私はそのままリジーおばあさんの家に泊めてもらった。
次の日、息子のマイクが遠征から戻った赤ずきんちゃん(大人の高ランク冒険者)とギルさんも一緒にやってきた

「おばあちゃん、やっぱり街に来た方がいいよ、心配だわ」
「大丈夫だよ、年で魔力量が減ってていたけど、アレキサンダーがいるから結界が破られることは無いし・・・でも、今度食堂に遊びに行くよ」

そういうとマイクと赤ずきんちゃんは目を合わせて喜んでいた
襲ってきた狼を返り討ちにして、従魔にしたおばあさんをあこがれるように見つめる赤ずきんちゃんだった。
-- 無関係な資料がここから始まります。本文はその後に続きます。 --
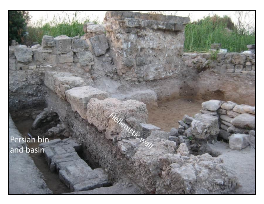
Fig. 4: View of southern part of Unit 15, with Persian basin and bin, underneath remains of the Hellenistic outer wall of the sanctuary

従魔契約をしたアレキサンダーはおばあさんの魔法の一部をつかるようになり結界を強化してみたらできたらしい・・・早朝から訓練してたなんて・・・私?爆睡してました。


マイクがおばあさんを恨んでいるという誤解はたぶんすぐに溶けるだろうと思って、3人を置いてギルと二人街に戻った。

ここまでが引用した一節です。